Через минуту появился молодой человек (никто не заметил, откуда), стройный и темноволосый, одетый в черный костюм и темно-зеленую рубашку, и встал за кафедрой. Он положил на аналой несколько листков бумаги, слегка постучал по микрофону, чтобы убедиться в его исправности, и начал:

– Отрывки из «Проповеди о смерти», произнесенной Жаком-Бенинем Боссюэ в Лувре, перед королевским двором, в среду, 22 марта 1662 года, в постный день.

Голос у него был удивительно сильный и глубокий для такого хрупкого тела.
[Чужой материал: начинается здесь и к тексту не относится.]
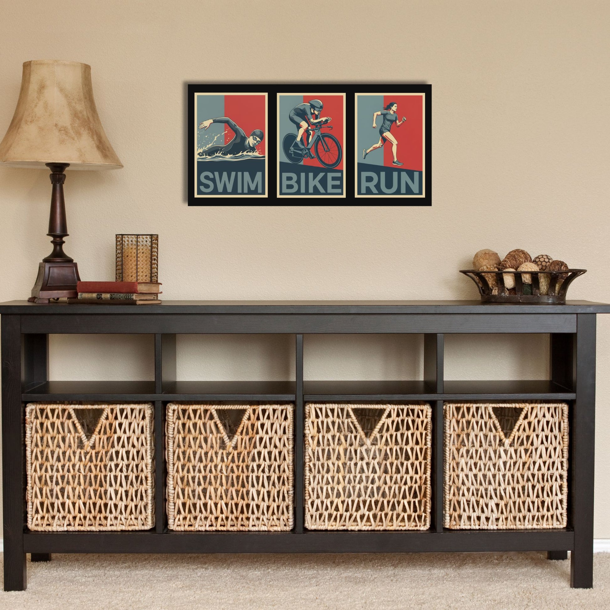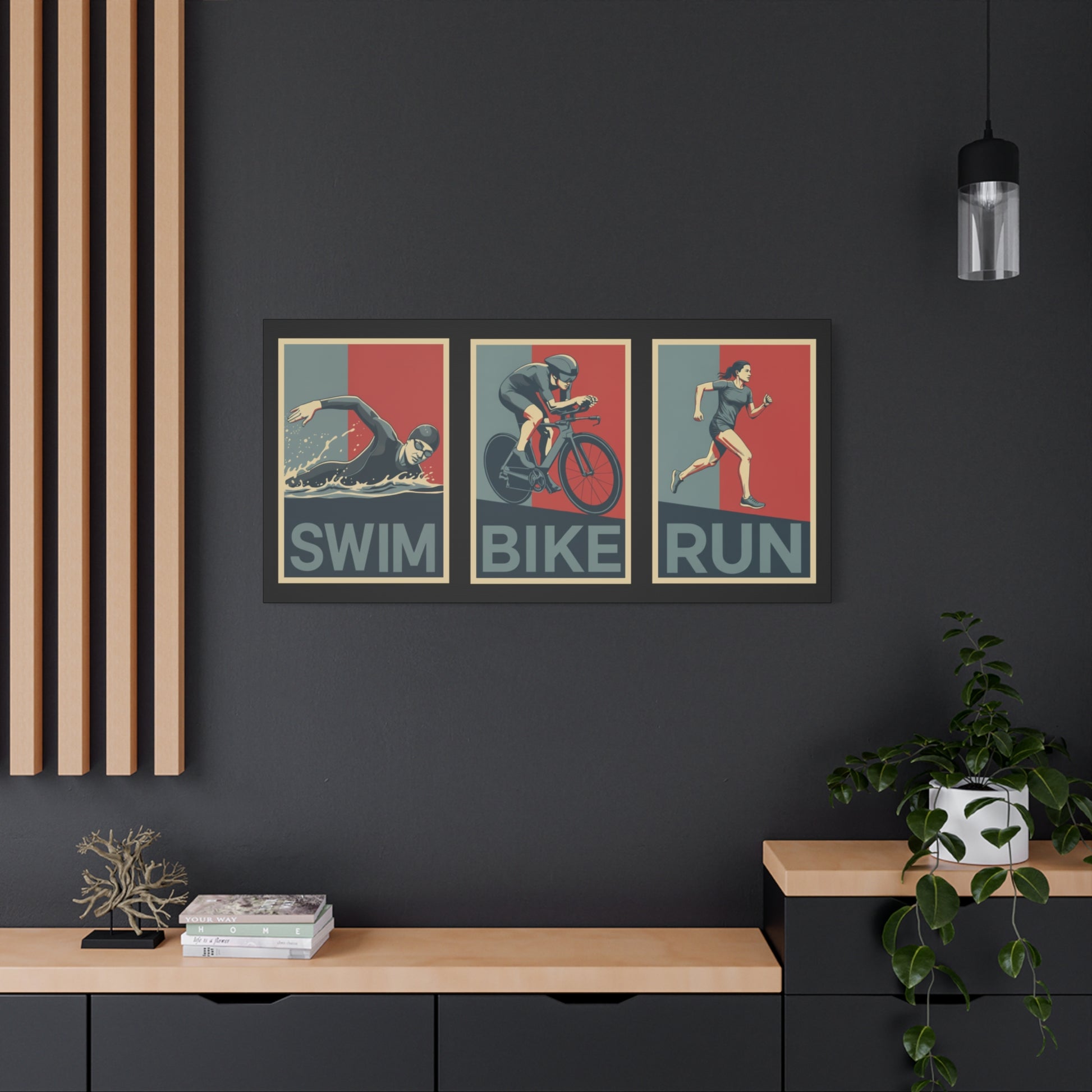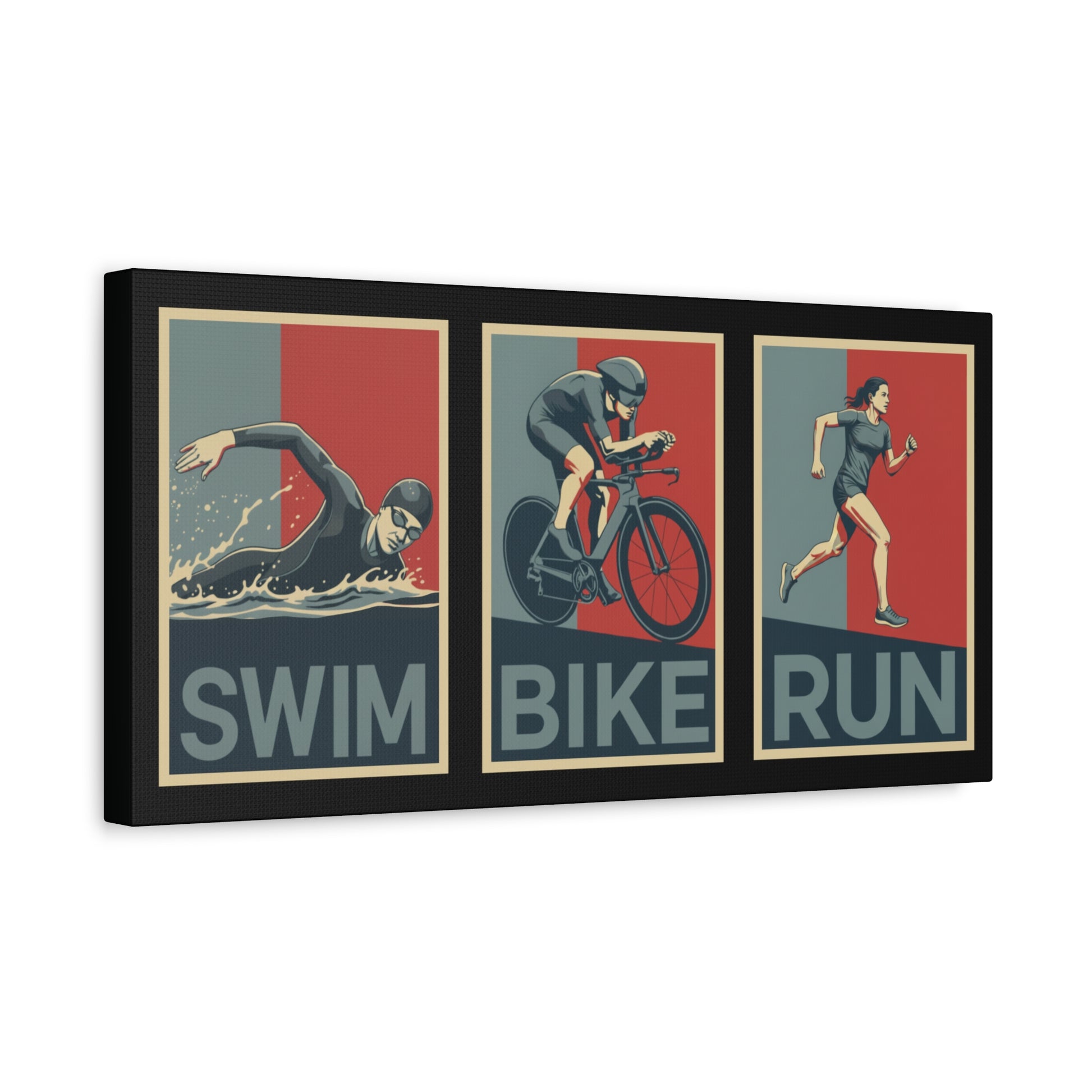 Bring your triathlon lifestyle to life with this canvas art piece for female triathletes. Whether itβs your home gym, office, or pain cave, this retro poster-style canvas will stand out.

– Дозволено ли мне будет сегодня разверзнуть могилы в присутствии двора и не будут ли оскорблены столь нежные взоры зрелищем столь мрачным?

Но ничего оскорбительного здесь нет, тут же пояснял оратор, поскольку сам Христос заставил себя открыть гробницу Лазаря. Взглянем же, подобно ему, в лицо смерти! Она скажет нам многое о нас самих.

– О смертные, узрите же то, что смертно! О человеки, узнайте же, что есть человек!

При этих словах в соборе воцарилась абсолютная тишина. Большинство голов повернулось к тому, кто произносил их столь торжественно; некоторые же головы втянулись в плечи или опустились. Исключение составляли разве что Бальзамировщик и его друг, которые вовсе не слушали проповедь и непрестанно перешептывались.

Они не услышали, как оратор заговорил о двух видах смерти и о двух частях своей проповеди: о той смерти, что связана с телом и разрушает его, и о той, что связана с душой и воспитывает ее.

– О смерть, мы воздаем тебе хвалу за свет, что проливаешь ты на наше невежество; ты одна убеждаешь нас в нашем ничтожестве, ты одна заставляешь нас узнать о наших достоинствах: если человек слишком заносчив, ты смиряешь его гордыню; если он слишком сильно презирает себя, ты придаешь ему отваги; и чтобы свести все его помыслы к честному нраву, ты учишь его двум истинам, которые открывают ему глаза на самого себя: что он жалок, но это преходяще, и что он бесконечно велик и таким пребудет в вечности.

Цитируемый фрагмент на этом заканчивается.